In terms of the Pension Funds Act, No 24 of 1956 and the Government Employees Pension Law Amendment Act, No 21 of 1996, the pension interest is payable at the time of divorce. This is known as the 'clean-break' principle).
Until recently, however, a payment governed by the Post Office Act is only payable upon termination of membership by the member in the fund (through death, retirement or resignation).
In the decision of Ngewu and another v Post Office Retirement Fund and others  1 BPLR 1 (CC), the Constitutional Court had to decide when pension benefits accrue to divorced spouses where Mrs Ngewu was married to a Post Office employee who was a member of the Post Office Retirement Fund. It was common cause that Mrs Ngewu was entitled to a 50% share of her husband’s pension interest. However, under the rules of the Fund, her share would not accrue upon divorce but only when Mr Ngewu terminated his membership in the Fund.

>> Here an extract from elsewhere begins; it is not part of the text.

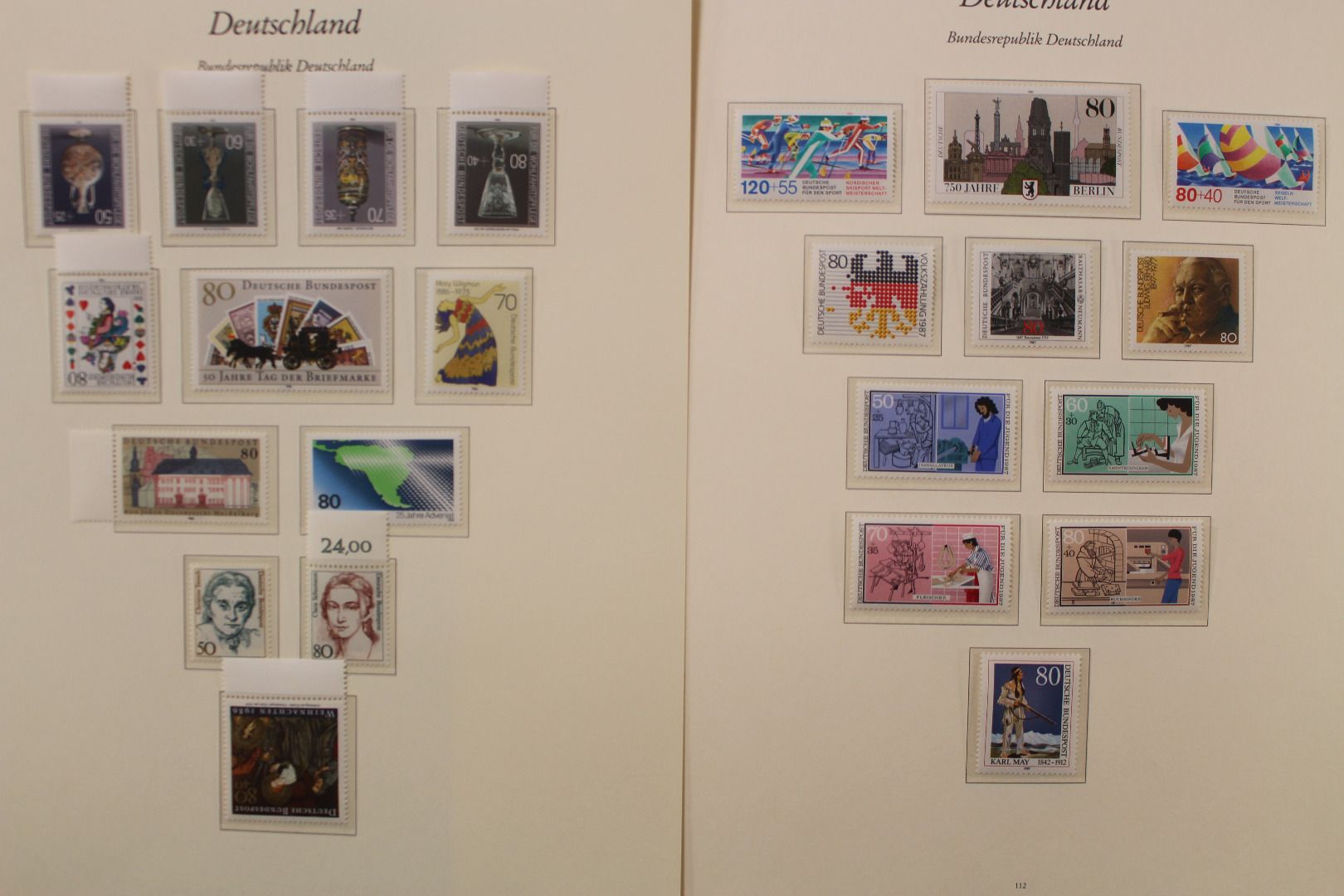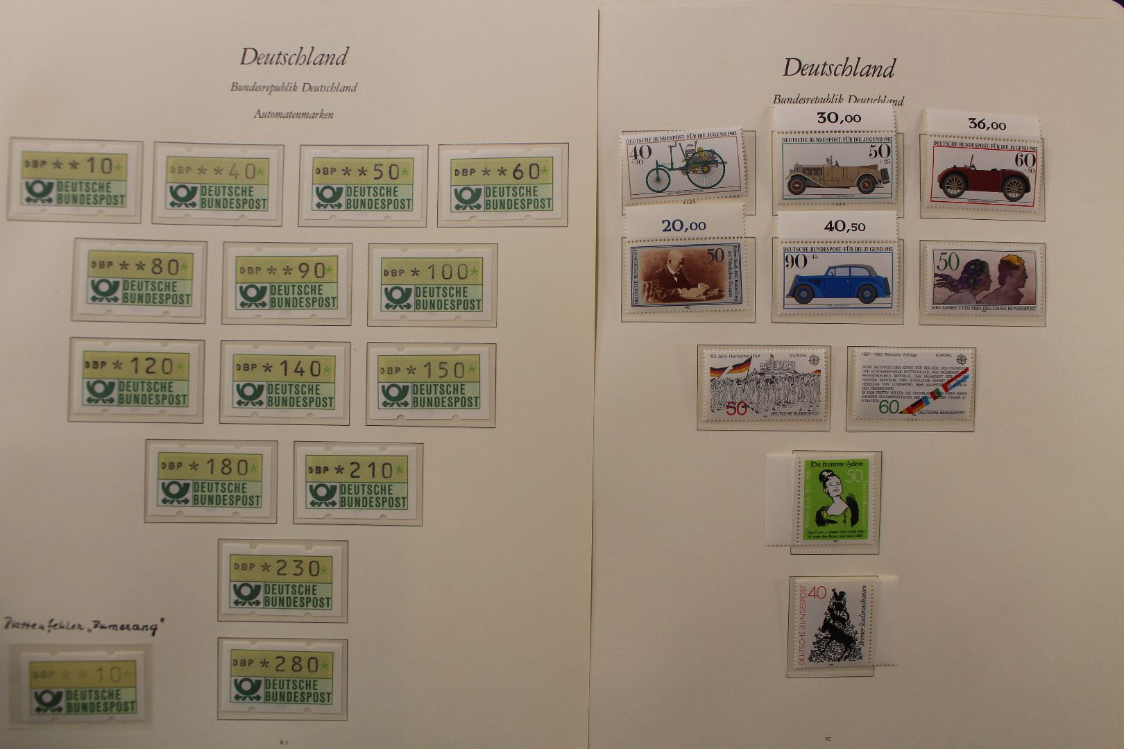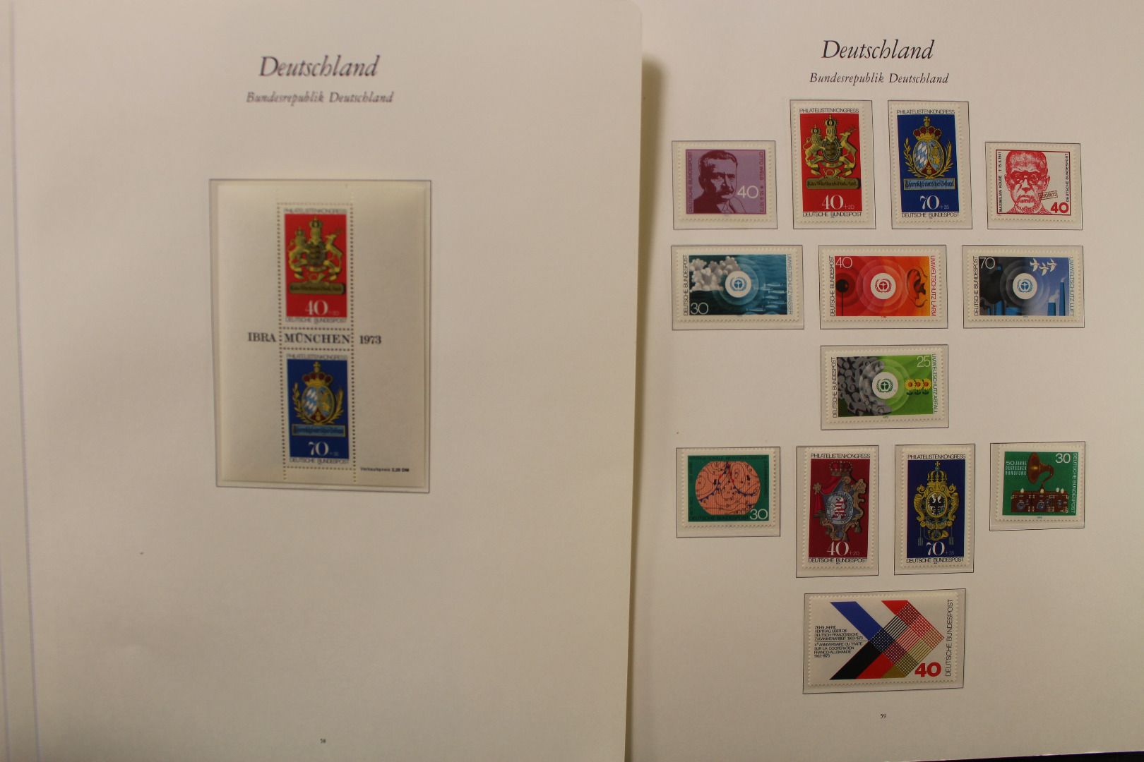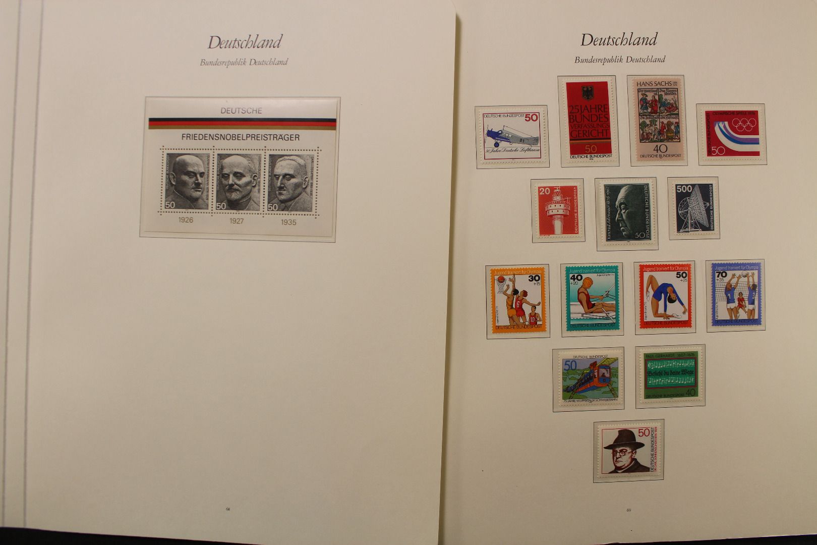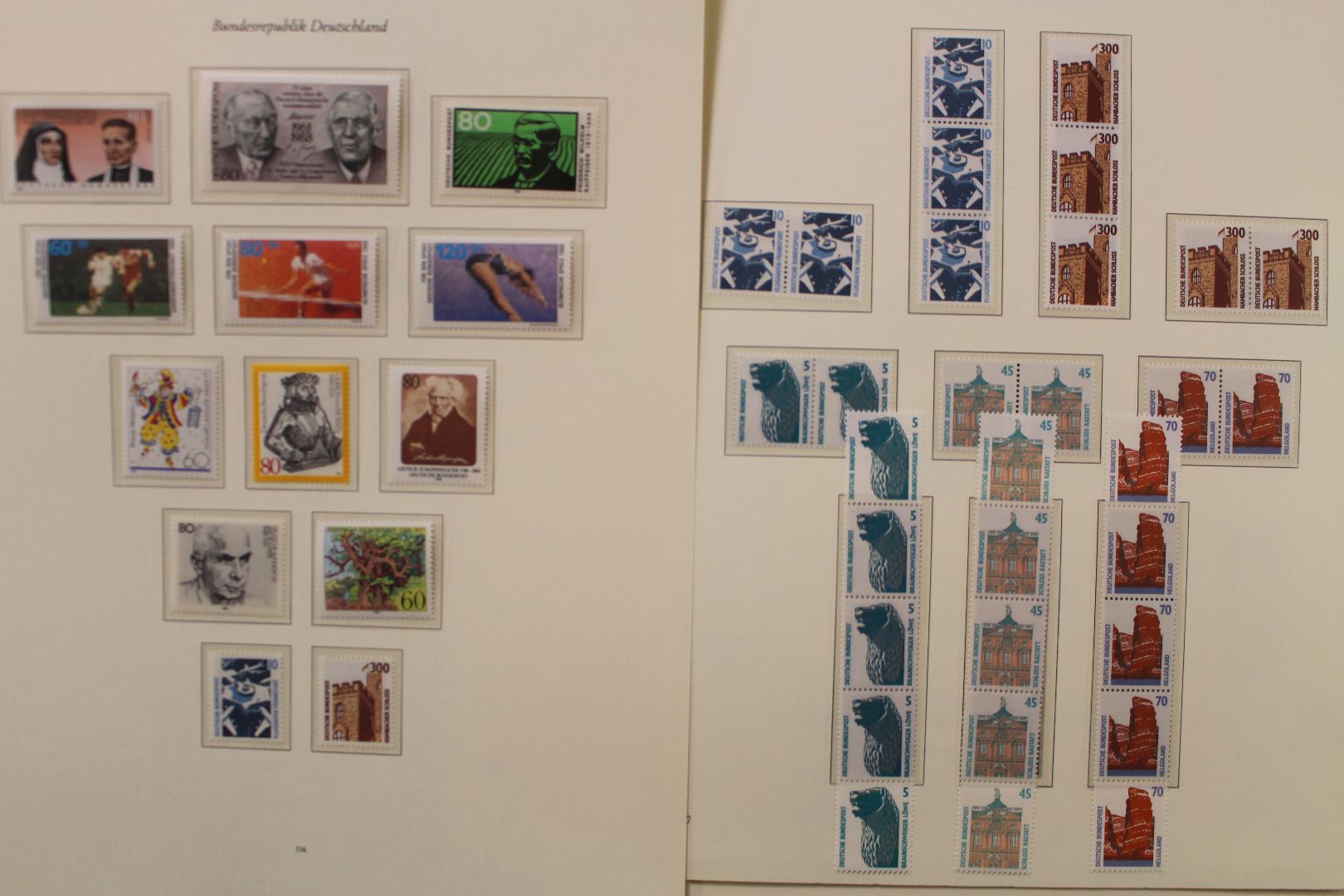 In den Hauptnummern ohne Posthorn und Heuss komplett. Bis 1955 unterschiedliche Qualität in ungebraucht bzw. postfrisch. Es sind auch einige nachgummierte bzw. entfalzte Marken enthalten, viel aber postfrisch. Nach 1960 wohl meist postfrische Sammlung mit etlichen Besonderheiten wie z.B. viele Blockeinzelmarken, C/D Werte aus Heftchen, Zusammendrucke ab 1977, Gummierungsbesonderheiten bei den Dauerserien, 5er Streifen mit Zählnummern usw. Untergebracht in 2 alten Borek Vordruckalben.

All parties agreed that the Post Office Act, No 44 of 1958 was unconstitutional in so far as it did not provide for the payment of the pension interest at the time of divorce.
The Constitutional Court held that this differentiation violated the right of equality before the law and equal protection and benefit of the law. Consequently, the Constitutional Court declared s10 to 10E of the Post Office Act unconstitutional but ordered that the declaration of invalidity be suspended for eight months for the legislature to cure the defect. The defect was subsequently cured in terms of the Government Employees Pension Law Amendment Act.
As a result of the judgments in the present case as well as the Wiese v Government Employees Pension Fund and Others (CCT 111/11) 2012 (6) BCLR 599 (CC) case, the assigned portion of the pension interest would be deemed to have accrued as is payable on the date of the divorce order.